# Information shown:
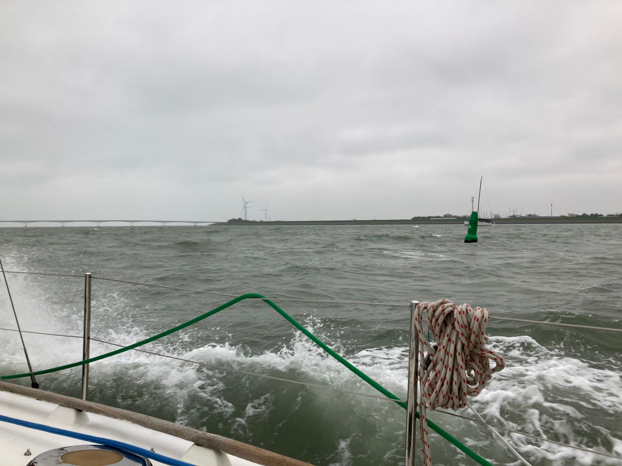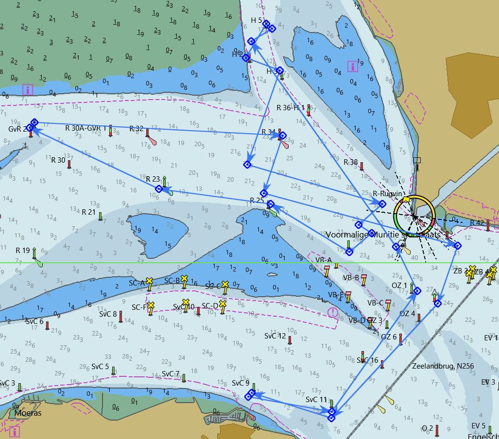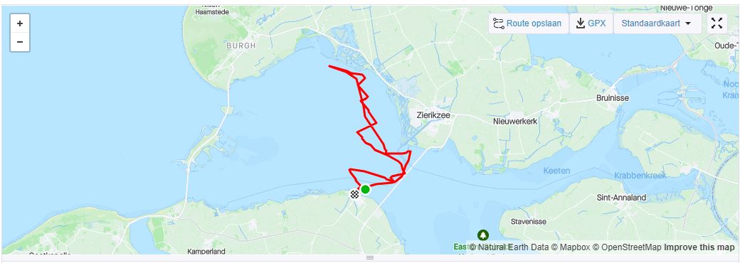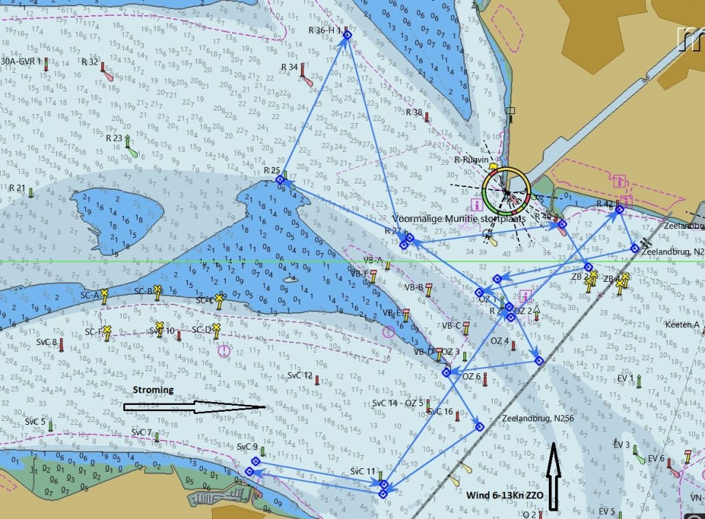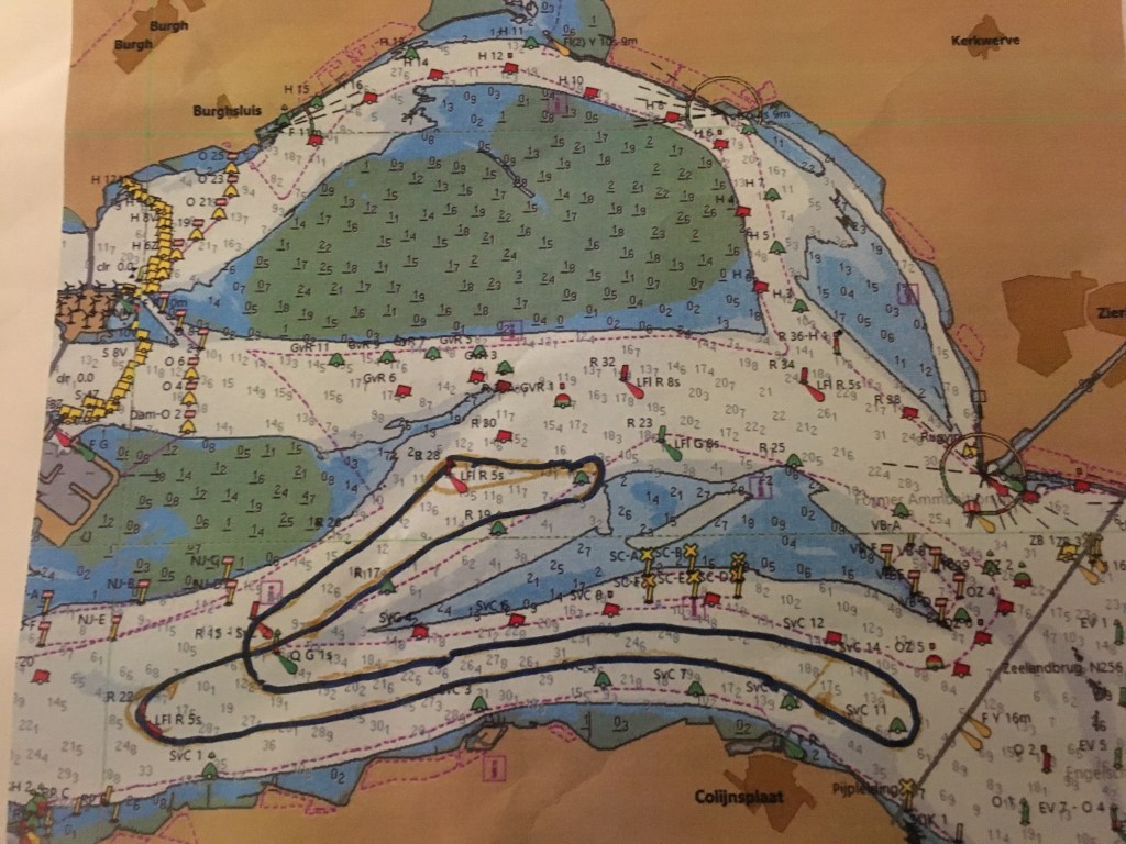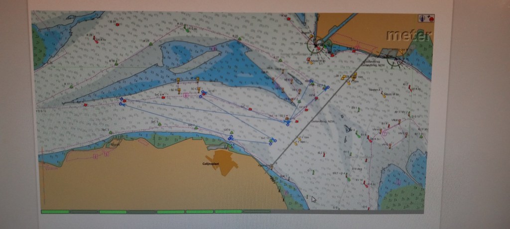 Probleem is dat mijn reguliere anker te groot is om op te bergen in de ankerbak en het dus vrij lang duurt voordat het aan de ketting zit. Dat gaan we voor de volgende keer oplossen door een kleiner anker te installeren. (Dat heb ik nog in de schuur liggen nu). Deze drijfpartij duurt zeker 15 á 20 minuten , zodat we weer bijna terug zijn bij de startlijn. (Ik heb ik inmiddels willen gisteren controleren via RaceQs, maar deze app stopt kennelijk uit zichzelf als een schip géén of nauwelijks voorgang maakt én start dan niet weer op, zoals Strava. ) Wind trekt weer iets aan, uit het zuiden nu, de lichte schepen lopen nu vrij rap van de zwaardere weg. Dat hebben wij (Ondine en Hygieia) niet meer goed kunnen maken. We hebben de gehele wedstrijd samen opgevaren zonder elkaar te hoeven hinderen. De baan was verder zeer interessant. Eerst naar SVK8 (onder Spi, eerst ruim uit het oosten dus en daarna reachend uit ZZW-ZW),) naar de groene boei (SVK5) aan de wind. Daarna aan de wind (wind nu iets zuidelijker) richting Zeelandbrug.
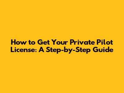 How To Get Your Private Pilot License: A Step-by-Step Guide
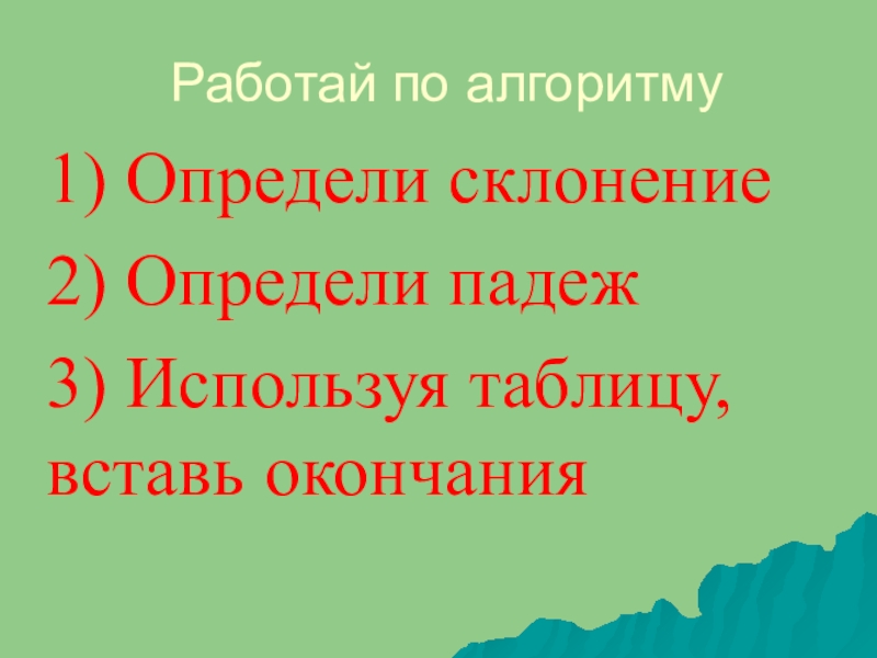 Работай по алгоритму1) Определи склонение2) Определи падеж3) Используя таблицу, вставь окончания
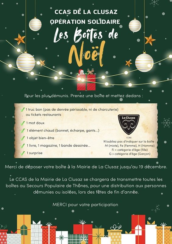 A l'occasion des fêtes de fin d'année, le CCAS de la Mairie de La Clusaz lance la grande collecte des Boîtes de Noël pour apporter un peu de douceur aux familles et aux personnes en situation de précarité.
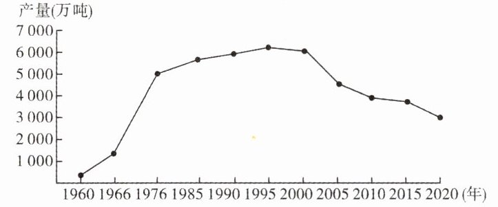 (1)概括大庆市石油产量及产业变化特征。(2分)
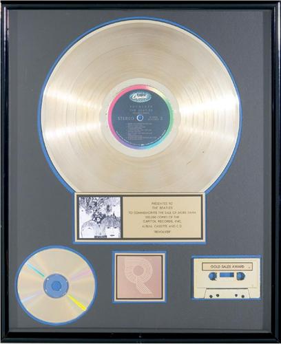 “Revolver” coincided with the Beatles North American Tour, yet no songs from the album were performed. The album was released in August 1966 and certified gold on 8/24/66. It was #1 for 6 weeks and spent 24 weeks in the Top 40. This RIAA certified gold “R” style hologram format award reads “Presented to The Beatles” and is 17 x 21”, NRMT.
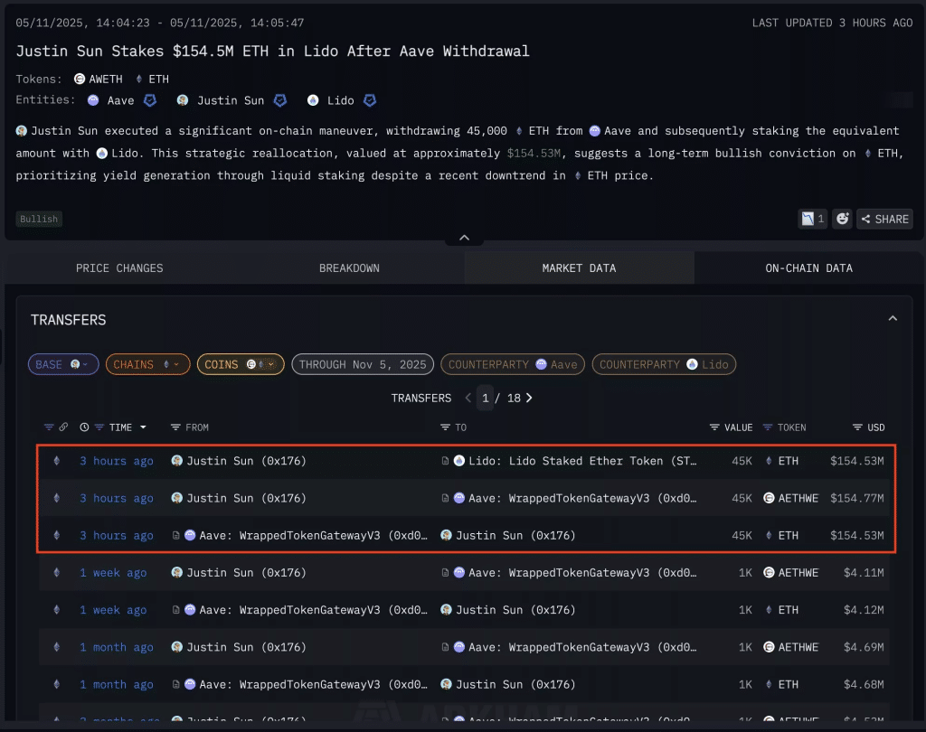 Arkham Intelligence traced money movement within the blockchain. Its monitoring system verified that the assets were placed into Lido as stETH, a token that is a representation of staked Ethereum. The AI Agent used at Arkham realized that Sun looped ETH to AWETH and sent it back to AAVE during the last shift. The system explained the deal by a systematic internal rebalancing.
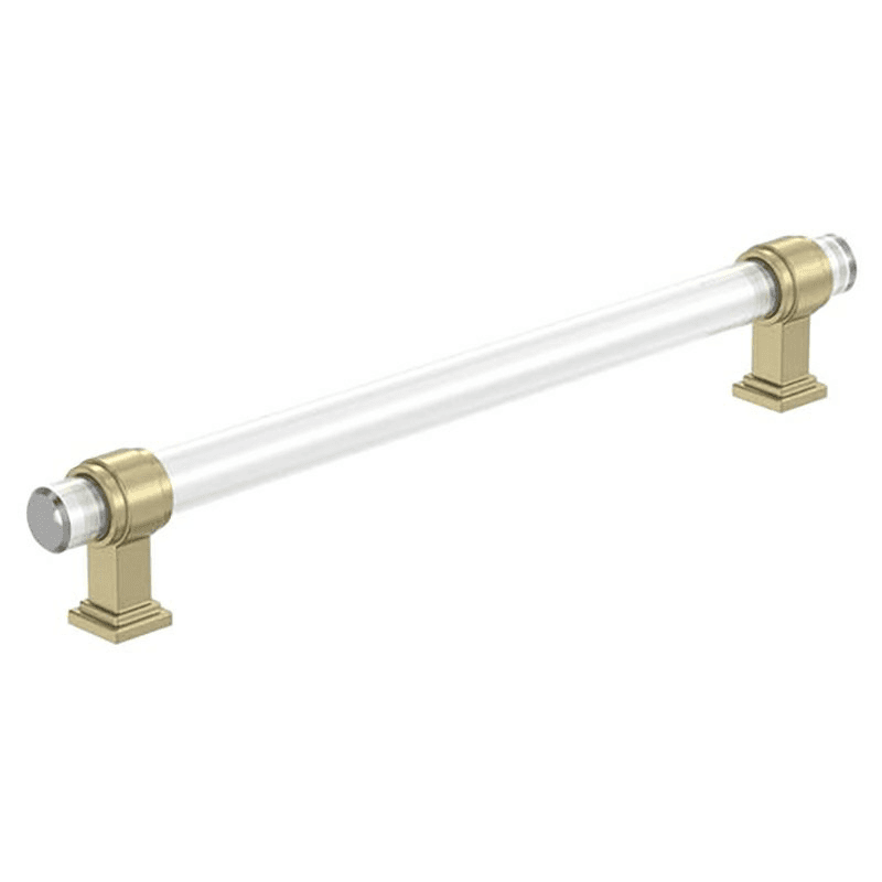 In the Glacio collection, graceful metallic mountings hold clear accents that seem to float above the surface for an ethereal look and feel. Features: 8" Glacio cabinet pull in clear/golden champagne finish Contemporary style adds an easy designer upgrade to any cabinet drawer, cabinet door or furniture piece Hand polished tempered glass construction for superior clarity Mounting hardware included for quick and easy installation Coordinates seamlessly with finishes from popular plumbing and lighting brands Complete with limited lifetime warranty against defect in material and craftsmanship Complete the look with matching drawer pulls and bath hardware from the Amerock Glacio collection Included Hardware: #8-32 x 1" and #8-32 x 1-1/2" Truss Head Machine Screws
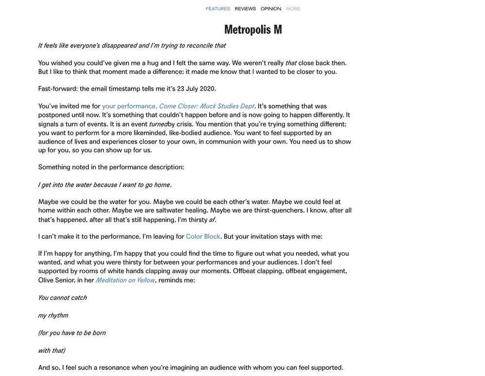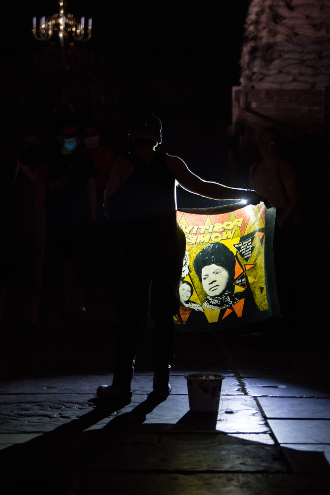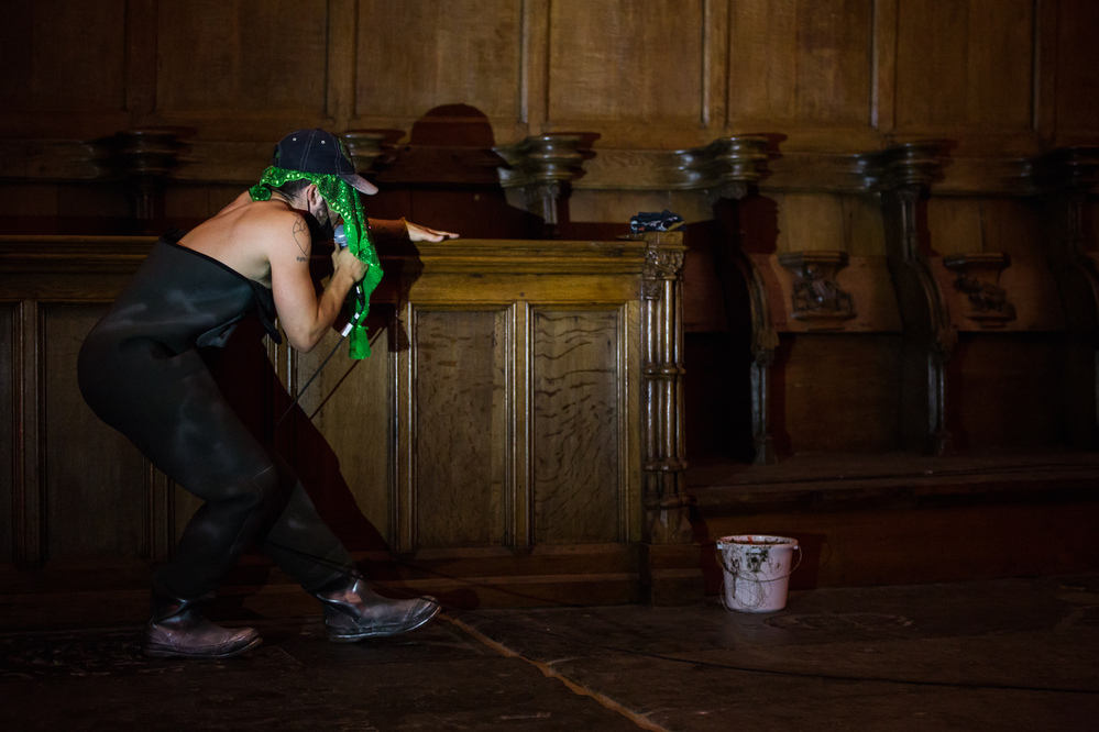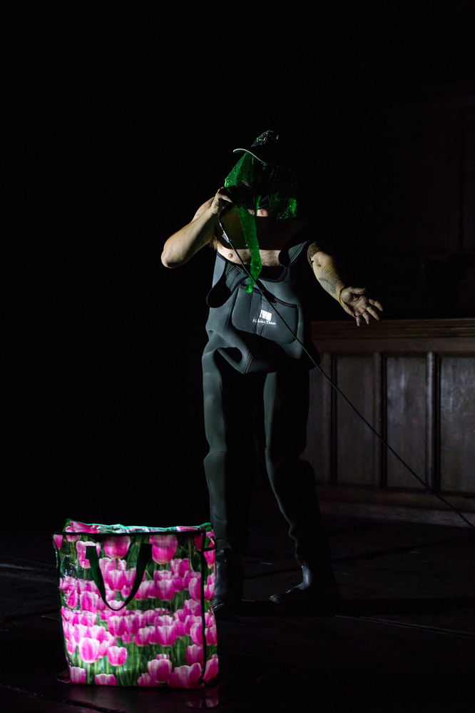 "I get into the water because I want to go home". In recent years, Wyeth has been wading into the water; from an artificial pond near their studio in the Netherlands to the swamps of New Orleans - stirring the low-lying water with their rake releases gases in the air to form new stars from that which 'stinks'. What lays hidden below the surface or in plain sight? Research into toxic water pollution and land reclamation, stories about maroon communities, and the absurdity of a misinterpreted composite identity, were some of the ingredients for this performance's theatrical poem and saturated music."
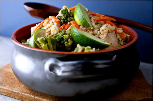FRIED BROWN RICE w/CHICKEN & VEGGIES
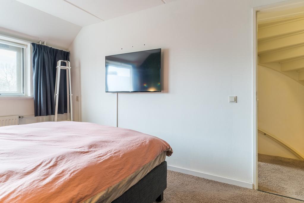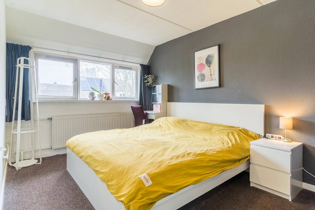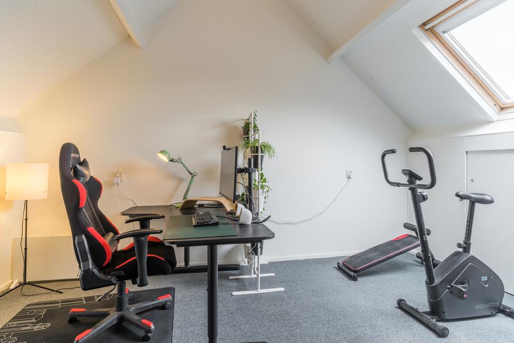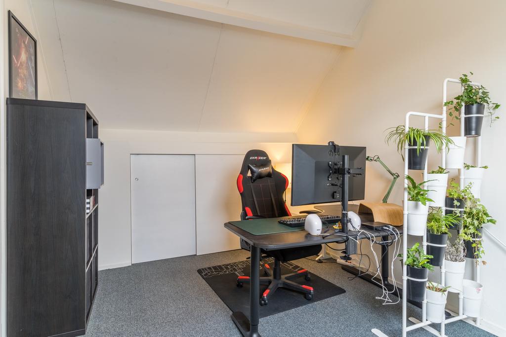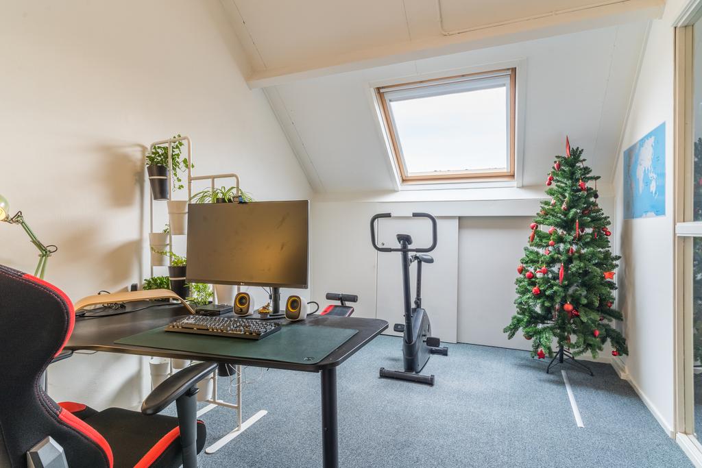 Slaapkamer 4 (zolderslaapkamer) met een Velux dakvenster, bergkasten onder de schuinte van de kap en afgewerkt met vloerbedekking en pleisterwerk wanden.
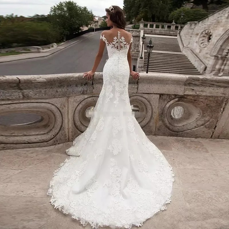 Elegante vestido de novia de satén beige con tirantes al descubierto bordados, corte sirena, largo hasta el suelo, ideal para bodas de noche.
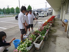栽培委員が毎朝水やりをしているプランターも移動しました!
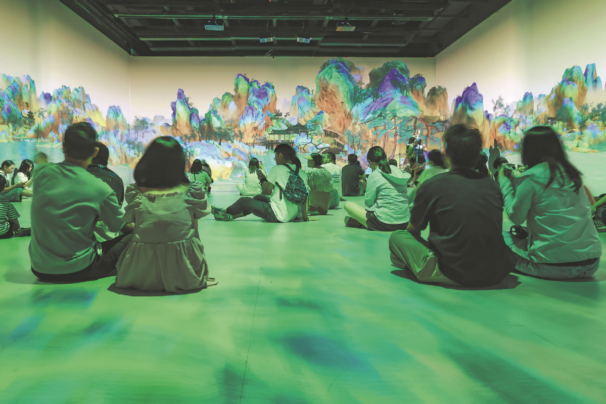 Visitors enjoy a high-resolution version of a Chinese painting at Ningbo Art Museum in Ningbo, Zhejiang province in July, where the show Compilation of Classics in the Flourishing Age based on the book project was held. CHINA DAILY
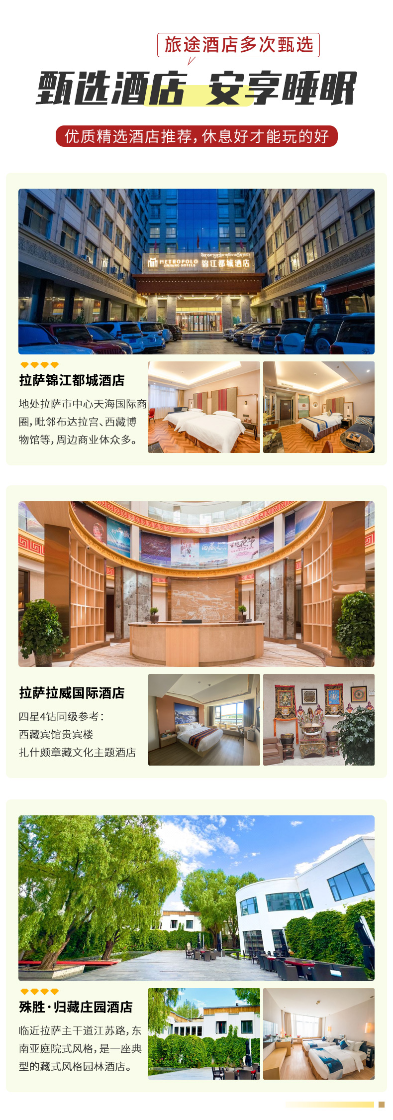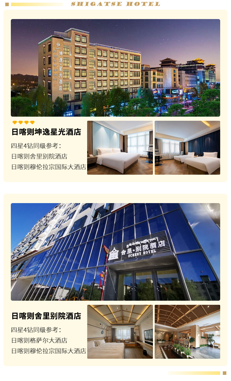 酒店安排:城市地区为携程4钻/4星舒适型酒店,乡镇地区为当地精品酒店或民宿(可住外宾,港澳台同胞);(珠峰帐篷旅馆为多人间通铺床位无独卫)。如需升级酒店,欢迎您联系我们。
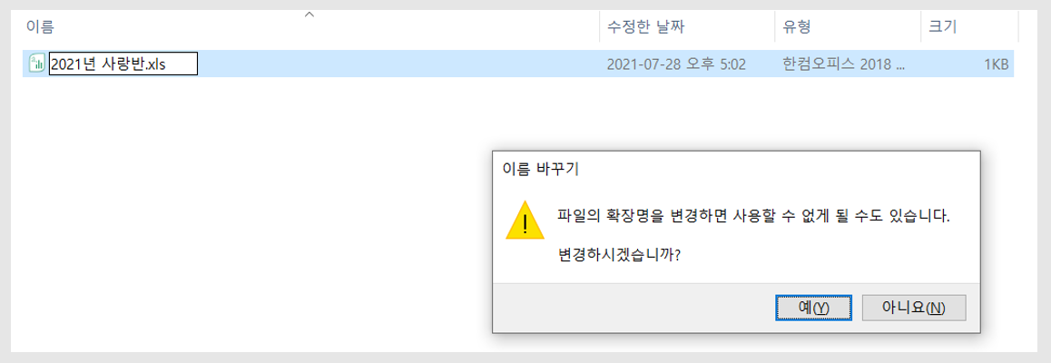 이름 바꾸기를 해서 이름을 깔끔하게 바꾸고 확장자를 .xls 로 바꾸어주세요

# Problem:
Reproduce the records word for word, please, from their first line up to and including the line that contains "(1)概括大庆市石油产量及产业变化特征。(2分)", but no pictures.

# Task result:
 Probleem is dat mijn reguliere anker te groot is om op te bergen in de ankerbak en het dus vrij lang duurt voordat het aan de ketting zit. Dat gaan we voor de volgende keer oplossen door een kleiner anker te installeren. (Dat heb ik nog in de schuur liggen nu). Deze drijfpartij duurt zeker 15 á 20 minuten , zodat we weer bijna terug zijn bij de startlijn. (Ik heb ik inmiddels willen gisteren controleren via RaceQs, maar deze app stopt kennelijk uit zichzelf als een schip géén of nauwelijks voorgang maakt én start dan niet weer op, zoals Strava. ) Wind trekt weer iets aan, uit het zuiden nu, de lichte schepen lopen nu vrij rap van de zwaardere weg. Dat hebben wij (Ondine en Hygieia) niet meer goed kunnen maken. We hebben de gehele wedstrijd samen opgevaren zonder elkaar te hoeven hinderen. De baan was verder zeer interessant. Eerst naar SVK8 (onder Spi, eerst ruim uit het oosten dus en daarna reachend uit ZZW-ZW),) naar de groene boei (SVK5) aan de wind. Daarna aan de wind (wind nu iets zuidelijker) richting Zeelandbrug.
 How To Get Your Private Pilot License: A Step-by-Step Guide
 Работай по алгоритму1) Определи склонение2) Определи падеж3) Используя таблицу, вставь окончания
 A l'occasion des fêtes de fin d'année, le CCAS de la Mairie de La Clusaz lance la grande collecte des Boîtes de Noël pour apporter un peu de douceur aux familles et aux personnes en situation de précarité.
 (1)概括大庆市石油产量及产业变化特征。(2分)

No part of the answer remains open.